Dinesh Raut (born 1975; Nepali: दिनेश राउत ) is a Nepali film writer, director, producer and songwriter, He is known for I Am Sorry, November Rain, Classic, Parva, Prasad, and Prakash . Raut is the recipient of several awards, including National Film Awards and many other awards.

== Career ==
Raut started his career at the age of 14 and later worked as an assistant director in the movie "Mero Euta Sathi Cha" before moving into directing. He made his directorial debut with "I Am Sorry" (2012). His biggest success to date is November Rain Nepali Movie, starring Aaryan Sigdel and Namrata Shrestha, from which he received the Box Office Movies Award 2015 for Best Film Director and the CG DCine Award 2015 for Best Film Director.
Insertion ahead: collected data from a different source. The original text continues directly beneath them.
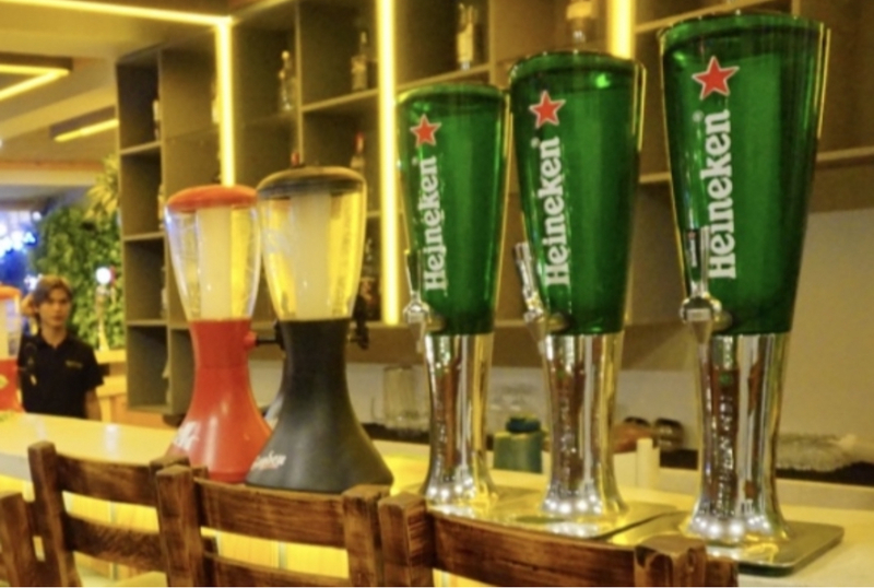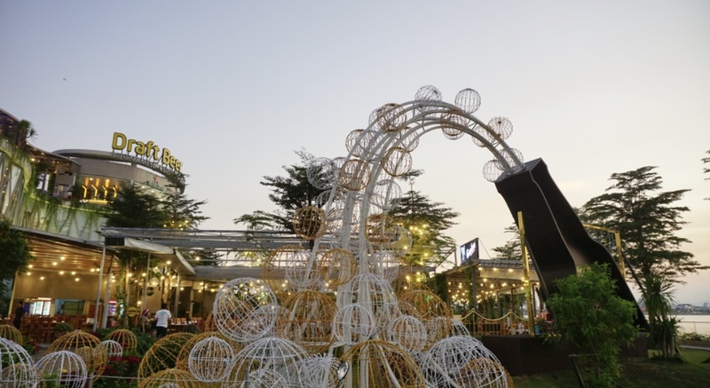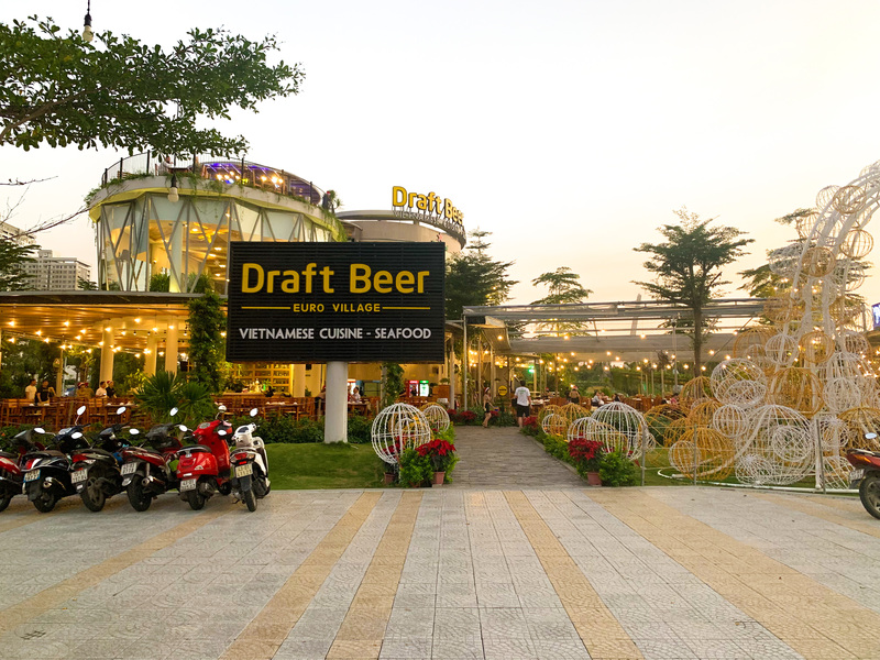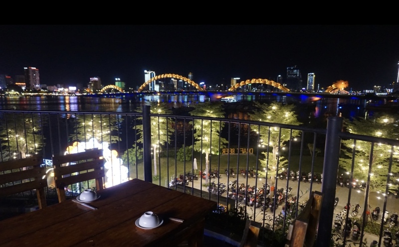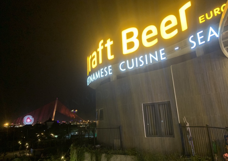 ダナン空港から、海沿いへ真っすぐ、ドラゴン橋を渡っていると、川沿いにイルミネーションが目を引く建物が「Draft Beer」
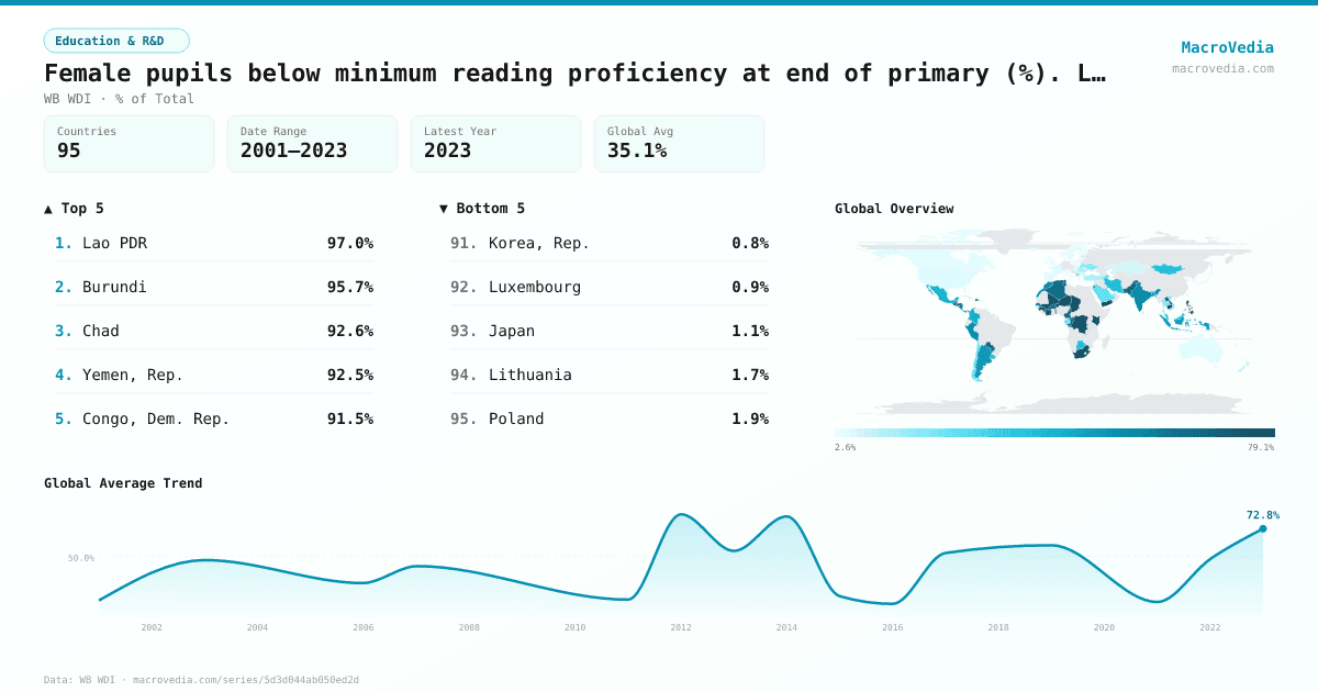 Education & R&DWB WDIwb_wdi:SE.LPV.PRIM.LD.FE•% of Total•2001 → 2023•95 countries
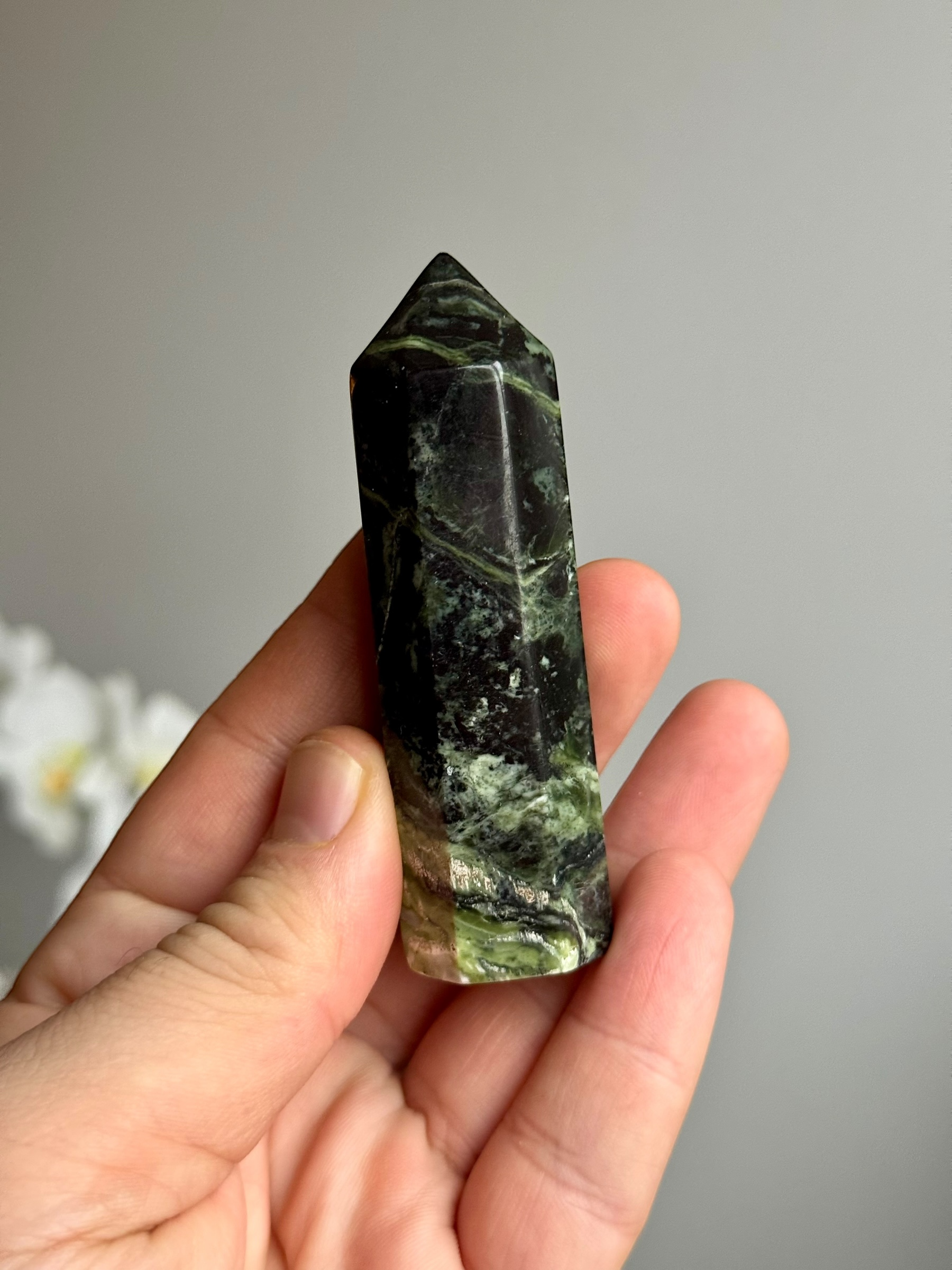 Deze prachtige jungle serpentijn toren, afkomstig uit Pakistan, is een waar natuurwonder. De toren wordt gekenmerkt door zijn donkere en lichtgroene vlakken, wat hem een levendige en indrukwekkende uitstraling geeft. De unieke kleurencombinatie doet denken aan een weelderige, groene jungle (Vandaar ook de naam).
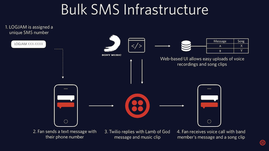 「LOGJAM」はTwilioのバルク音声およびSMS通知ソリューションを利用した、音声ベースの自動応答プラットフォームです。ファンがSMSメッセージを送ると、Lamb of Godの新曲クリップとボイスメッセージを受け取れます。
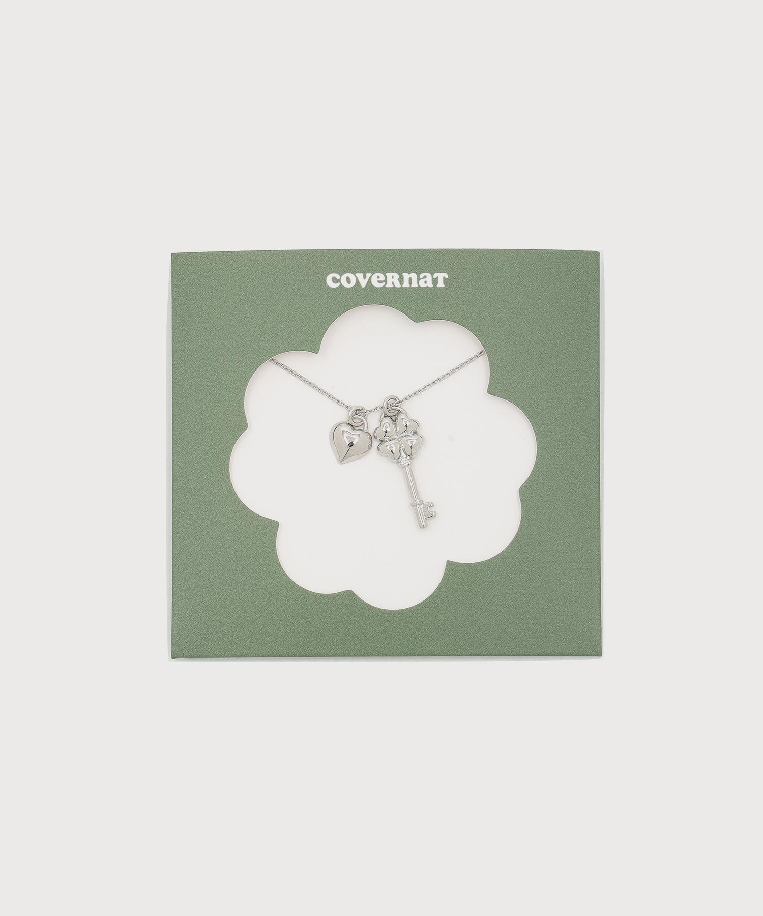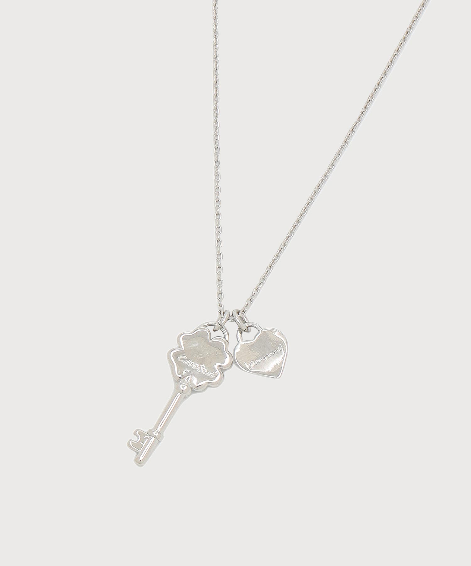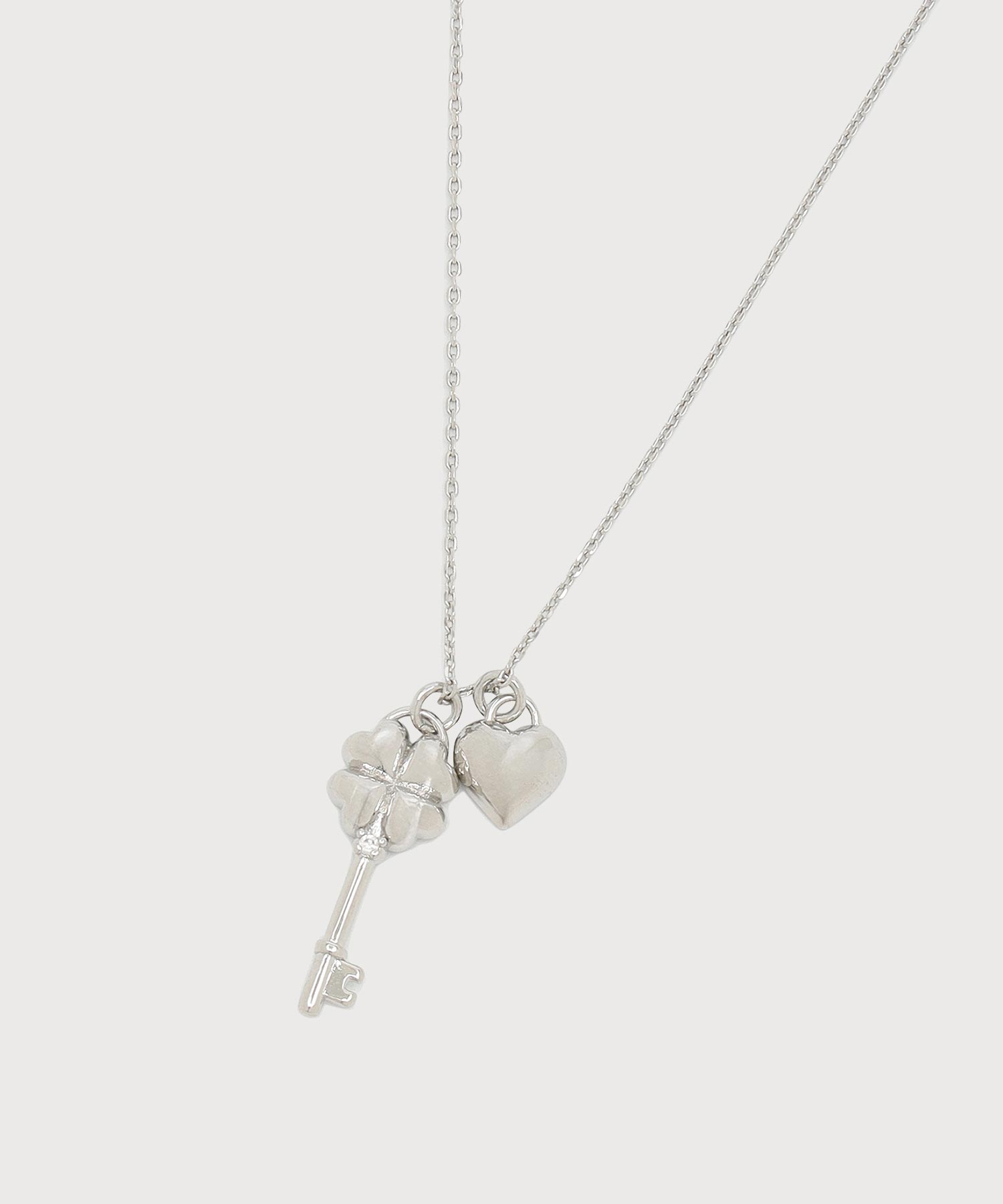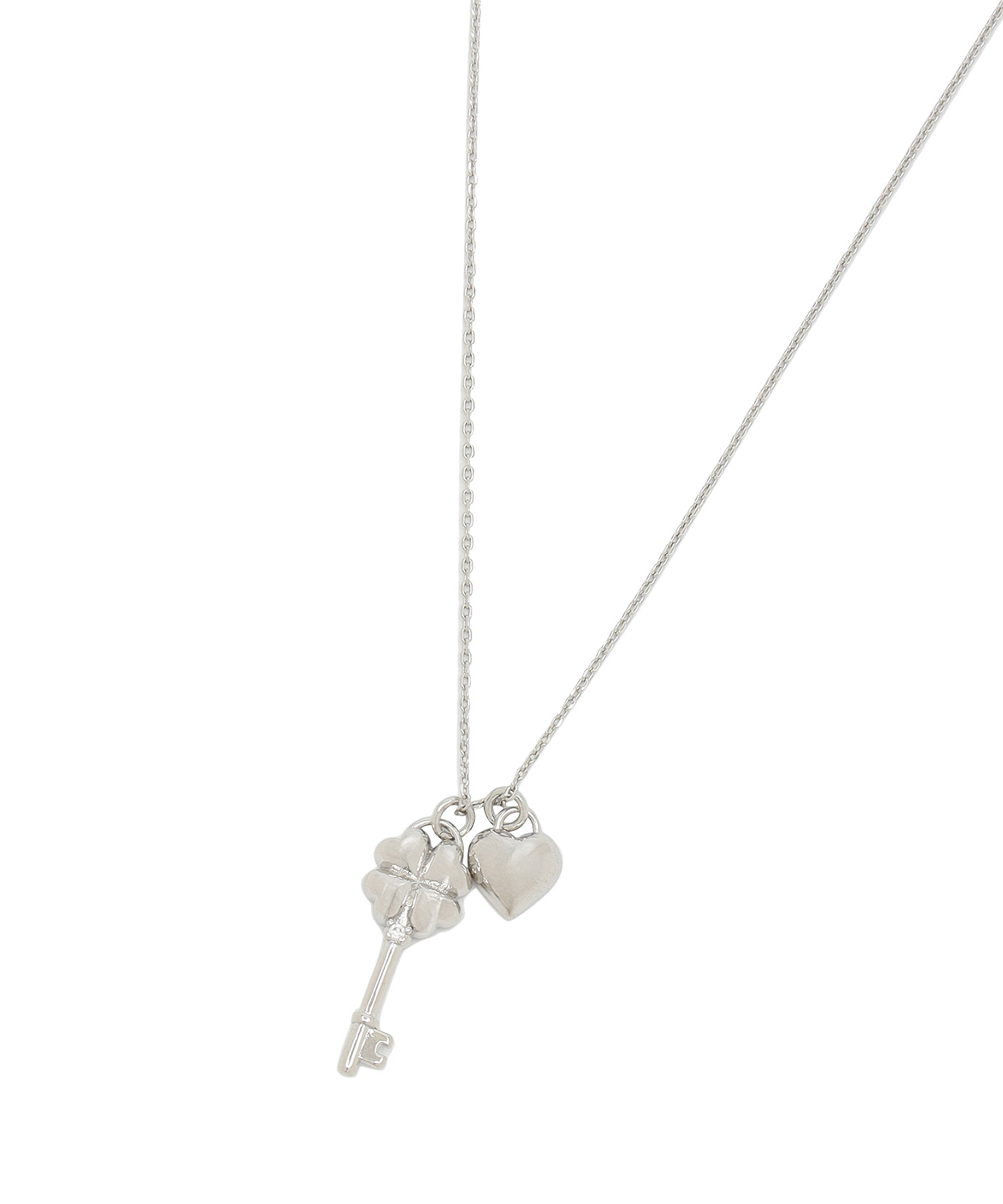 CLOVER HEART KEY NECKLACE - Silver
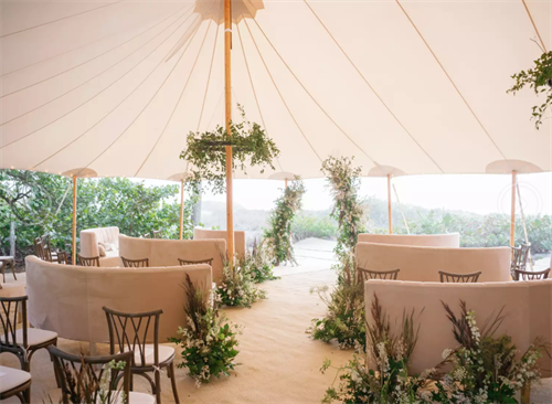 它搭建地點(diǎn)靈活,可選擇海邊,也可選擇平坦的草坪。此外,婚禮篷房的布置操控性也更大,婚禮篷房頂部可選用不同的膜材,有純白色的,也可以是紅色和其他您喜歡的顏色。另外,膜結(jié)構(gòu)婚禮篷房可搭配其他裝飾實(shí)現(xiàn)歐式、田園,中式等各種主題婚禮,靈活多變。
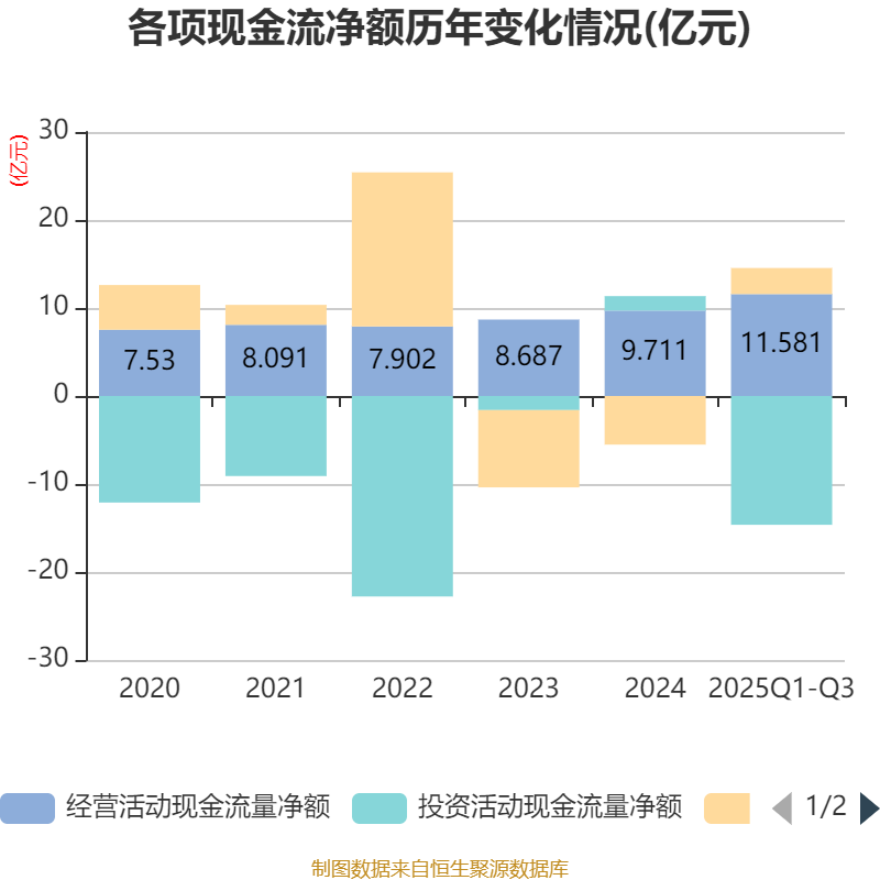 2025年前三季度,公司经营活动现金流净额为11.58亿元,同比增长60.26%;筹资活动现金流净额2.96亿元,同比增加4.85亿元;投资活动现金流净额-14.64亿元,上年同期为2.82亿元。

Raut’s Classic Nepali Movie (2016) also became a big success at the box office and won the National Film Development Corporation (NFDC) Film Director Award. The film also received the Jury Award at the International Nepalese Artist Society (INAS) Award 2016. His next release, "Parva Nepali Movie "(2017), starring Koshish Chettri and Namrata Shrestha, also became a success in the thriller genre.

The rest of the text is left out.